まさか白昼堂々に襲われるとは思っていなかったセバスたちは、ツアレを一人で屋敷に留守を任せてしまい、その結果武力を持たないツアレがその犯罪組織に拐われてしまったのだった。
「オロチ様、この度はツアレを救うためにご足労頂き、感謝の言葉もありません」
セバスは主人であるオロチに深々と頭を下げた。
「そんなの当たり前だろう。あの娘自体にはまったく興味は無いが、あれはいずれお前の恋人になるかもしれないのだからな。協力は惜しまないさ」
「……あの、失礼ながら私とツアレはそういった関係ではないのですが?」
「皆まで言うな。昨日のアレを見れば一目瞭然だ。まったく、お前も隅に置けないな」
はっはっは、と楽しそうに笑うオロチとは反対に、一瞬なんのことだが分からない様子のセバスだったが、すぐに思い当たる節があったのかハッとした表情を見せる。
「っ! 昨日のあの場にいらっしゃったのですか……」
「ああ、結果的に覗き見した事になってしまったな。すまん、許してくれ」
「いえ、むしろあのようなお目汚しをお見せしてしまい、失礼致しました」
何のことだか分からない面々は首を傾げていたが、わざわざ広めるような話でもない為に説明はしない。
唯一事情を知っているユリだけは、密かに笑みを噛み殺していた。
今この場に集まっているのはオロチとセバスの他に、階層守護者であるデミウルゴスとマーレ、そしてナーベラル以外のプレアデスたちがいる。
さらに、部屋の隅にはガクガクと膝を震わせているクレマンティーヌの姿まであった。
(こ、こわいぃぃぃ! 数日ぶりにご主人様に会えたけど、近づいたら周りのメイドに一瞬で殺されちゃいそうだよー!?)
もっとも、彼女はナザリックの面々に圧倒されてしまい、ただただ気配を消すことに必死になっていただけだったのだが。
それはともかく、この世界の人間の戦闘能力を考えれば、この場にいる者たちだけでリ・エスティーゼ王国を物理的に落とす事が可能だろう。
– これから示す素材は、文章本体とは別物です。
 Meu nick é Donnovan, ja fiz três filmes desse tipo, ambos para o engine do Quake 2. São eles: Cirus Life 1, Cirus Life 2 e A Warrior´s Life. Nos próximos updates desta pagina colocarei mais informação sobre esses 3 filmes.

それだけの戦力がたった一人の少女を救う為に集まった、その事実にセバスは安堵の表情を僅かに見せる。
「オロチ様をはじめとしてこの場に集まってくださった皆様、ツアレ救出の為にお集まりくださったこと、心より感謝を申し上げます」
「私たちは確かに人間の救出には手を貸すが、それだけでここまでの人数が集まったのではないよ? 八本指という犯罪組織を潰す、そういう目的もあるのだからね」
頭を下げるセバスに、デミウルゴスがその言葉を訂正した。
オロチは純粋にセバスの為を思って馳せ参じていたが、他の者たちにはそれ以外の思惑も多かれ少なかれ抱いていたのだ。
それに、とデミウルゴスは話を続ける。
「今回の作戦について、その全容を君に明かすことはできない。だが、私はアインズ様から全ての指揮を任されている。それについて何か異論はあるかい?」
「勿論ありません。ですが……」
セバスはチラリとオロチの方に視線を向けた。
主人たるオロチを差し置いて、いち守護者であるデミウルゴスが指揮を執っても良いものなのかと不安に思ったのだ。
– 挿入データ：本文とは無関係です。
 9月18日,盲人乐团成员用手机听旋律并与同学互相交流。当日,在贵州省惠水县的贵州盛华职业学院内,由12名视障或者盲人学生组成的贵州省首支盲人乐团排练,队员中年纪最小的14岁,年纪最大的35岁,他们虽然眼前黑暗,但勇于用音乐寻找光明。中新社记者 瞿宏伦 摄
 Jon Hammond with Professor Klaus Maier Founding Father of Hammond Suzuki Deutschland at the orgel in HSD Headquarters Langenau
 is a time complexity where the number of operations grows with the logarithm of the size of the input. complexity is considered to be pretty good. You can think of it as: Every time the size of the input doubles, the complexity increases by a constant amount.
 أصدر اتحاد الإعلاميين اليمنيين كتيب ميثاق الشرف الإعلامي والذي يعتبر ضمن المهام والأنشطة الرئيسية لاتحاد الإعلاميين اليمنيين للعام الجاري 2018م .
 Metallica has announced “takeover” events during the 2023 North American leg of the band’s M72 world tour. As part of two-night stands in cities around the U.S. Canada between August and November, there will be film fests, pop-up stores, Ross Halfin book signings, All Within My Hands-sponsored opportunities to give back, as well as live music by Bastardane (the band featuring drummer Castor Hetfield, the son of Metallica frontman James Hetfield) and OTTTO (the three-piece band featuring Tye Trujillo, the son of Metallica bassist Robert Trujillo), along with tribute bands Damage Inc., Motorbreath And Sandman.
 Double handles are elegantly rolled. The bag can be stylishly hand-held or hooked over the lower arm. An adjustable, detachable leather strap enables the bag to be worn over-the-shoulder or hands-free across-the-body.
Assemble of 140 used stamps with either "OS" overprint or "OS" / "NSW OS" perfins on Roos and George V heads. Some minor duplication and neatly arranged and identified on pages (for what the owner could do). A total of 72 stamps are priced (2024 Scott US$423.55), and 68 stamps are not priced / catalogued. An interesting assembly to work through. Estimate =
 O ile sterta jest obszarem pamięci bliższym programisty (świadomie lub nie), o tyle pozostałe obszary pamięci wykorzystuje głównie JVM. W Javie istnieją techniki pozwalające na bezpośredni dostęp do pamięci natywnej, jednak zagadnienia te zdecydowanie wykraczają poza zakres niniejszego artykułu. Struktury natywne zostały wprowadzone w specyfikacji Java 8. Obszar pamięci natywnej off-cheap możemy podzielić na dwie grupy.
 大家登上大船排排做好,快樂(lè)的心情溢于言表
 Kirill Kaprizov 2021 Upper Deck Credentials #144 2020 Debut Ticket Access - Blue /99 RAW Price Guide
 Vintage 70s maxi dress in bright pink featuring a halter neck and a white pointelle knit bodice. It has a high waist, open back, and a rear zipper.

そんなセバスに、オロチは安心させるような笑みを浮かべた。
「ああ、俺も大丈夫だ。ちゃんと事前に話を聞いているよ。だから全てデミウルゴスに任せる。お前に任せておけば、全てが良い結果で終わるだろうからな。俺を上手く使ってやってくれ」
「勿体なきお言葉。全身全霊を以って、必ずや成功に導いてみせます」
「ああ、期待している」
セバスから承諾が得られたところで、デミウルゴスはそれぞれの役割について話し始めた。
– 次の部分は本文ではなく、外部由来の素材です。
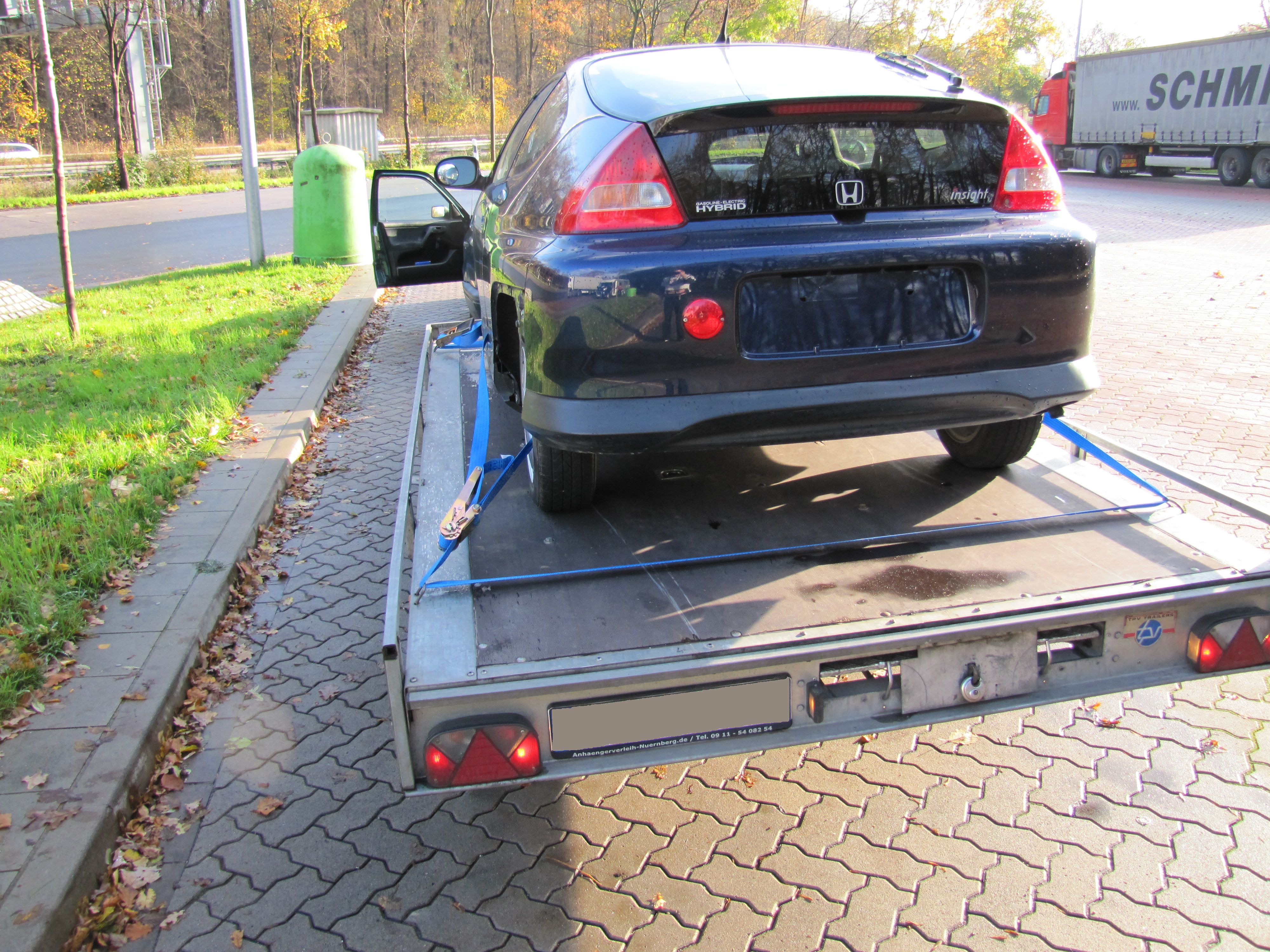 Autotransportanhänger, der zusammen mit dem Honda Insight

「まずセバスとソリュシャン、それから……クレマンティーヌとか言ったね。君たちには八本指の拠点を襲ってもらう。そして、拐われた人間の救出が任務だ」
「了解しました」
「(俺は救出系のクエストが苦手だったからな。それを考えれば、ナイト役はセバスに譲った方が無難だろう)ソリュシャン、クレマンティーヌ、セバスのサポートは任せたぞ?」
「はい、かしこまりました」
「は、はいっ。任せてくださいご主人様!」
オロチに声をかけられて嬉しそうにしていたクレマンティーヌだったが、部屋の隅から一歩踏み出した所でその足が止まった。
おそらく、周囲の目が一斉に集まったことで萎縮してしまったのだろう。
「だが、それなら俺は何をすれば良い? ここまで来て、ただ見ているだけなのか?」
「オロチ様にはオロチ様に相応しい大役をご用意してありますとも」
そう言ってデミウルゴスはニヤリと笑みを浮かべた。